I am what I was born to be. The bull. The beast at the center of
the labyrinth.
The monster ready to devour his unwilling sacrifice.
The house I’m watching could be on any street in any city in
America. Nothing but a two-story red brick end of terrace, with sash
windows and potted plants out front. There’s a light on in the living
room, another in a second floor bedroom. The curtains are drawn
against the night, the windows closed against the cool breeze rolling
down the street.
Nobody living nearby realizes it’s a safe house for the United
States Marshal Service.
Downstairs, when I break in, I will find US Marshal Gloria
Bertram. She has a partner, Harry Armstrong, sitting in a gray Ford
SUV three doors down, where they don’t think anyone will notice.
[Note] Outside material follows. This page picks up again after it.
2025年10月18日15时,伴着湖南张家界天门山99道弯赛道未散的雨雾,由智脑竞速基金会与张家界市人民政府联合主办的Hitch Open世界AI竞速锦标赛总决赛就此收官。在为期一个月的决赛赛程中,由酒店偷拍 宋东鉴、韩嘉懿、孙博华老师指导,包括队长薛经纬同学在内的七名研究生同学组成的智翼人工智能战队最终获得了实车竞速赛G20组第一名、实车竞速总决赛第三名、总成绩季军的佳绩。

They hope no one will notice.
I notice everything.
They’ll both die tonight, but they aren’t my targets. I looked into
their pasts, of course, I always do, and while I wish I didn’t have to
kill Gloria I won’t lose any sleep over Harry.
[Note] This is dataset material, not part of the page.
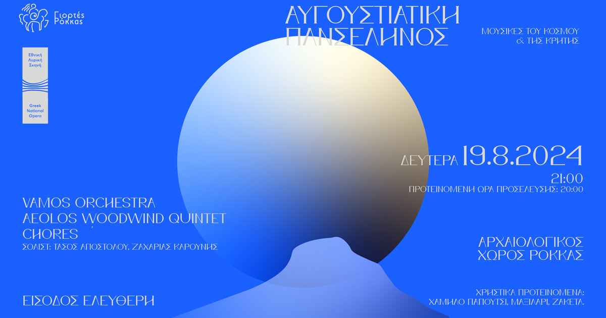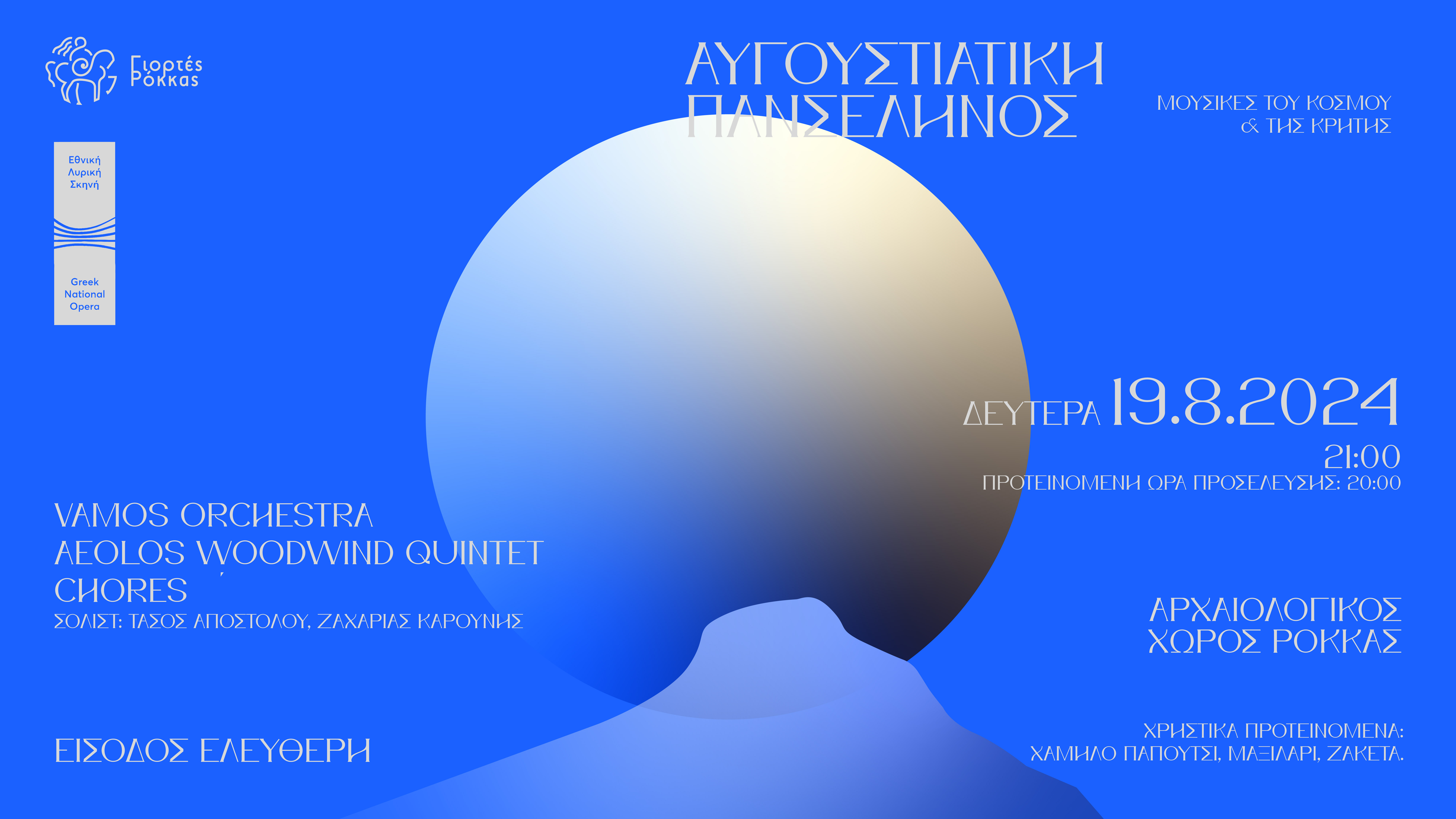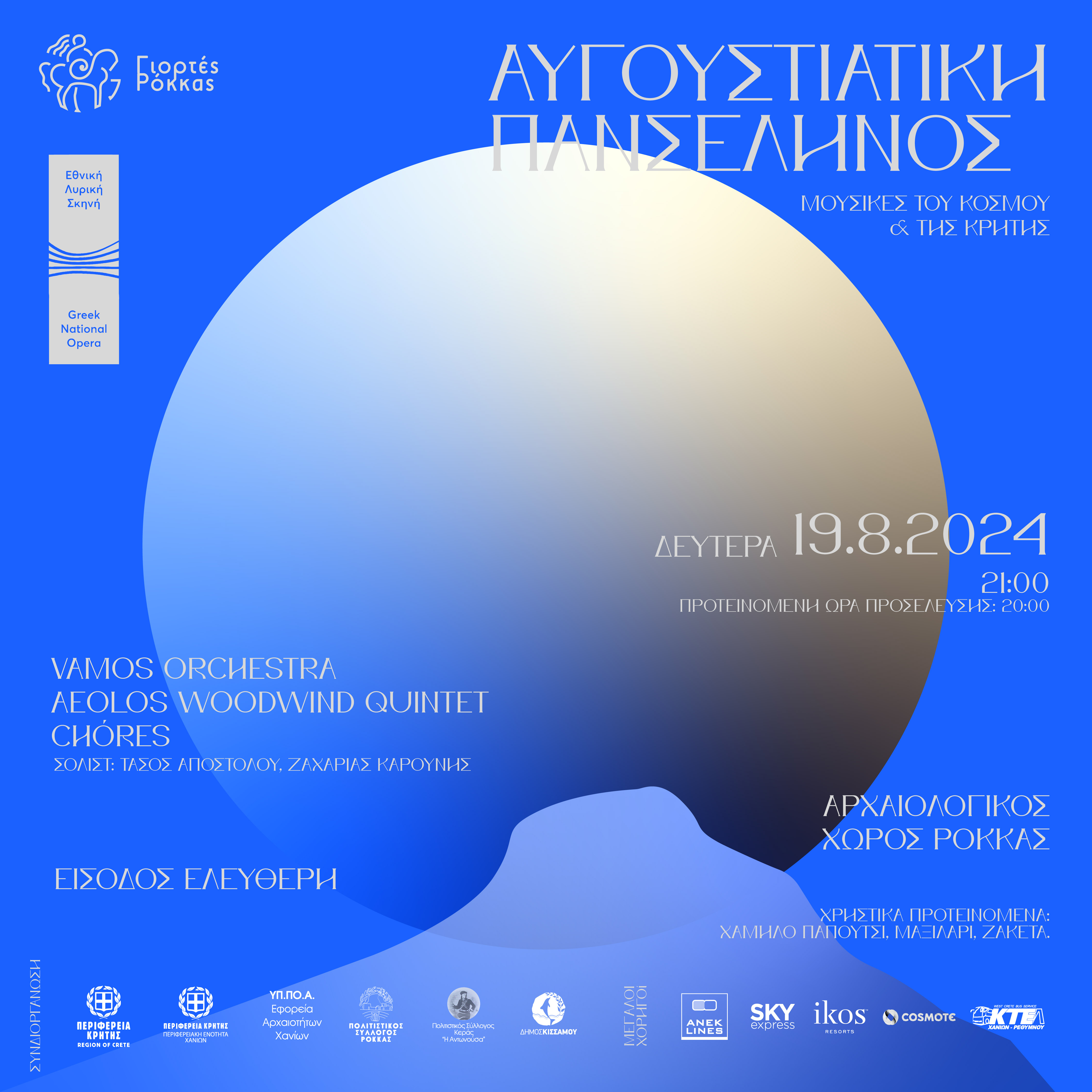 Η φετινή διοργάνωση με τίτλο "Μουσικές του Κόσμου και της Κρήτης στην Πανσέληνο" των Πολιτιστικών Συλλόγων Ρόκκας και Κεράς, φέρνει στη σκηνή την Vamos Orchestra, το Aeolos Woodwind Quintet και τις Chores, με σολίστες τους Τάσο Αποστόλου και Ζαχαρία Καρούνη.

Even so, both their ends will be quick. A mercy my true victims
don’t get.
My prey is upstairs, unaware that this is his last night among the
living. His end will be slow. And painful.
That’s how this has to go. How it was ordered.
He’s the latest sacrifice sent to me by the Kalon Brotherhood, the
Greek mafia I was born into. My father ran it until my brothers and I
killed him. If I think about his death, I can faintly smell the burning
flesh and kerosene.
I was the one that lit that fire. At the tender age of thirteen.
Vengeance against those who murdered my mother.
The monster within me still hums with satisfaction.
Now, my oldest brothers, Darius and Quinn, are in charge, and
they call me their “executioner”. They pay me well to kill for them.
It’s something their associates understand and the way they sell my
continued existence to others in their organization.
Otherwise, I’m sure someone would have tried to end me by
now. I’m surprised someone hasn’t tried. Maybe they aren’t all as
stupid as I believe them to be.
I call the Brotherhood their organization, because the truth is I
don’t give a fuck about them, their assignments or their money.
They need to keep me sated with regular victims, it’s that simple. It’s
the only way to be sure my violence doesn’t spread out of control,
streets running red with the blood of thousands. The Minotaur within
me, the monster I share a body with, flexes and sighs at the idea of
such indiscriminate carnage.
Since my brothers would never sanction that, this is how it has to
work.
I’ve scoped out the house. I know the response time for local
cops to get here. I have my tools, I have my escape route planned.
All that’s left is to start my ritual.
I can almost feel the relief. The satisfaction of it.
The cloak I bring with me for these moments is enormous, made
from pure black cashmere wool, like wearing a soft outer skin of
darkness wherever I go. It’s long enough to cover the ends of the
stilts I wear to make my impressive height more imposing. Pure
theatrics, but it helps bring out the monster. The stilts give me an
extra foot. Any more and it would be impossible to get through
doorways without becoming a falling hazard.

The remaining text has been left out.